Ten years on from the first film, no-nonsense cop Roberto Nascimento (Moura) is now a Colonel in the BOPE, a special forces unit of Rio’s military police which kicks ass, takes names and revels in its nickname: ‘The Skull’. When a containment operation during a prison break ends with prisoners being executed, Nascimento expects to be hung out to dry, but despite the rabble-rousing of pinko lecturer Fraga (Santos) the people applaud his inflexibility and he is duly appointed to high office in the Security ministry. Never one to waste a chance to buy more guns, Nascimento immediately uses his new-found influence to expand the BOPE with the aim of purging Rio’s favelas of drug dealers and racketeers.

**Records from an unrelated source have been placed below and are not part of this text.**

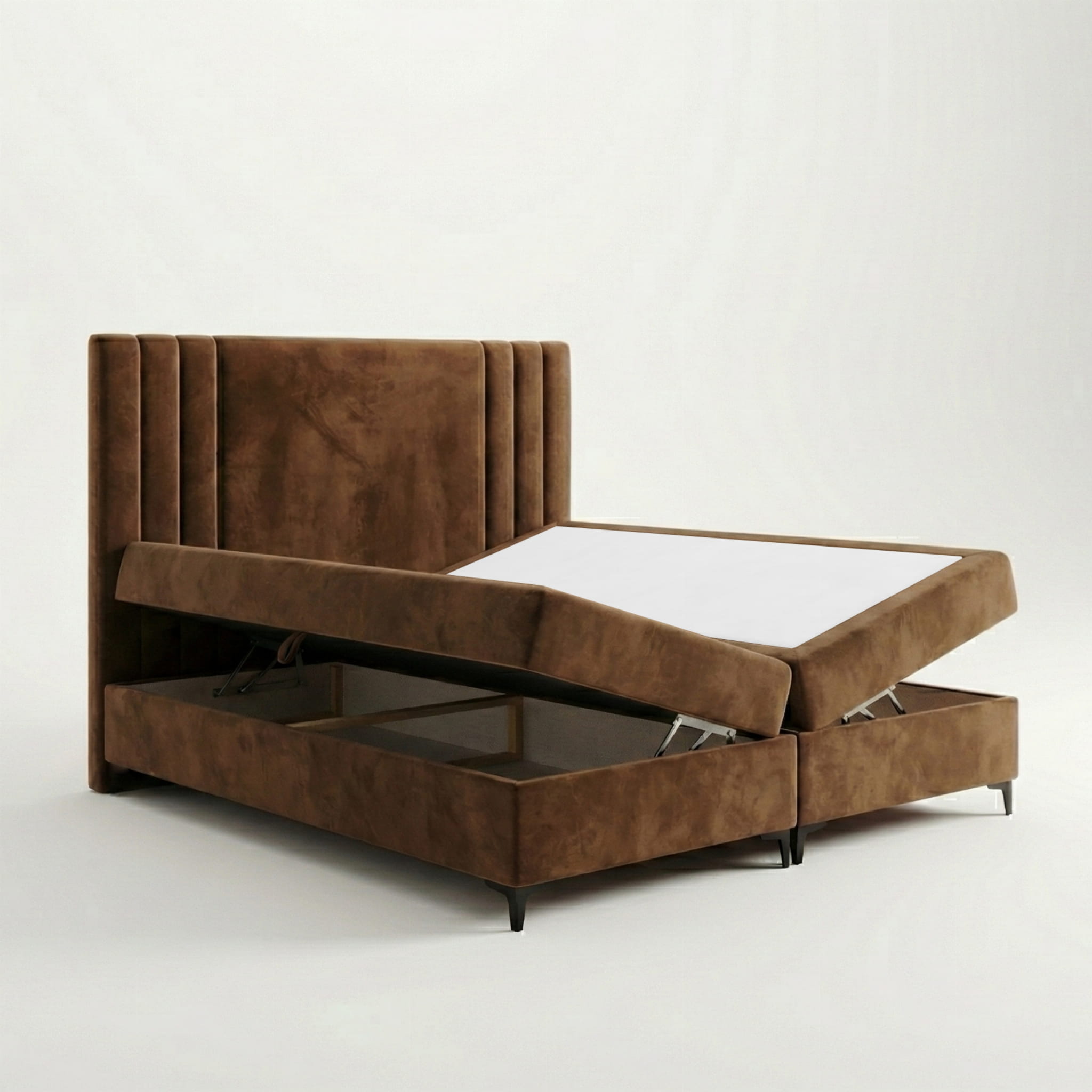 Łóżko kontynentalne HILTON 160x200 brązowe ze stelażem drewnianym i pojemnikiem na pościel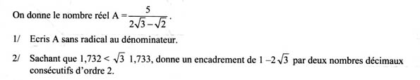 Nombre réel sous forme de fraction avec racine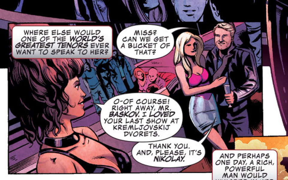 В частности, в статье говорится: "Николай Басков - оперный певец, считающийся одним из величайших теноров в мире. Николай Басков посетил один из самых горячих ночных клубов Москвы, флиртовал с женщинами и пригласил одну из хостесс выпить. Он не знал, что хостесс на самом деле была агент Щ.И.Т.а Наташа Романова, которая выполняла секретную миссию по сближению с российским торговцем оружием Михаилом Федоровым".

The petty gangsters are duly driven out of business (or just shot, which seems to be the preferred method), but crime doesn’t drop as Nascimento predicted – instead, corrupt cops angry at losing their pocket money simply take over the slums, operating paramilitary militias and ruthlessly suppressing dissidents. Nascimento suspects policeman and gangster Rocha (Sandro Rocha) of involvement in a plan to rig the forthcoming elections by using his control over the slumdwellers, but as he digs deeper he realises the rot spreads even farther than he’d realised. Meanwhile, his relationship with his son, now living with Fraga after his ex-wife remarried, is becoming increasingly shaky as Nascimento realises he may never be able to explain his violent vocation. It’s a hard knock life…
Elite Squad: The Enemy Within retains much of its predecessor’s key cast and crew, including director Jose Padilha, Oscar-nominated screenwriter Bráulio Mantovani (City of God) and their implacable star Wagner Moura. All three give apparently solid performances; Padilha delivers a pacy and driven thriller, Mantovani’s dialogue is slick and snappy (although I only know that because I speak a bit of Portuguese; the subtitles were buggered beyond repair) and Moura continues to be a perfectly serviceable antihero with a nice line in barely-suppressed rage.
However, a film is unfortunately more than the sum of its parts, and when you add everything together something goes very wrong. Sure, The Enemy Within is fast and well-shot – but it’s also contrived, prone to chronic slipped plot and hopelessly reliant on shock, gore and shouting. The black-clad soldiers of the BOPE dispassionately bring the thunder with their grim, expressionless faces and monstrous assault rifles, whilst Nascimento’s self-righteous voiceovers do their best to claim that the real villains of the piece are the crooked suits. Nobody’s endorsing police brutality, obviously, but the constant diatribes against ‘the system’ sound like they’ve been written in a spiral bound notebook by an earnest fifteen year old taking GCSE politics – the film’s simplistic and heavy-handed message massively devalues its more worthwhile elements.
It’s impossible to avoid comparisons between this film and The Secret In Their Eyes, another lone-insider-fights-a-corrupt-government thriller from South America; and, inevitably, Elite Squad comes off worse. Solid central performances and some genuinely fascinating cinematography keep it from being unwatchable, but if you’re not already a fan of the series this is no place to start.